This repository is based on KGReasoning, containing implementation for paper Query2Triple: Unified Query Encoding for Answering Diverse Complex Queries over Knowledge Graphs
(https://arxiv.org/abs/2310.11246).
In this documentation, we detail how to train KGE checkpoints and use these checkpoints to reproduce out results in the paper.
- networkx
- numpy
- ogb
- pandas
- pytz
- scikit_learn
- scipy
- tensorboardX
- torch
- tqdm
More details can be found in requirement.txt
.
Please download the dataset from snap-stanford/KGReasoning.

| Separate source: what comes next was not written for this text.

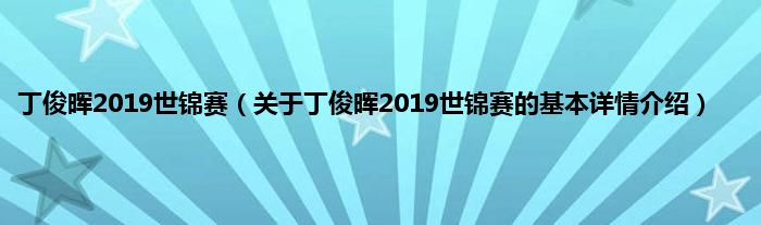 本文关于丁俊晖2019世锦赛的基本详情介绍就讲解完毕,希望对大家有所帮助。

Specifically, one can run:
mkdir data
cd data
wget http://snap.stanford.edu/betae/KG_data.zip # a zip file of 1.3G
unzip KG_data.zip
Then the data
folder will contain the following folders and files:
FB15k-237-betae
FB15k-237-q2b
FB15k-betae
FB15k-q2b
KG_data.zip
NELL-betae
NELL-q2b
The directory ssl-relation-prediction
is forked from ssl-relation-prediction.
We make some change to this repository to make the submodule generate checkpoints that can be directly used by our model.
Run this script to preprocess datasets for the submodule.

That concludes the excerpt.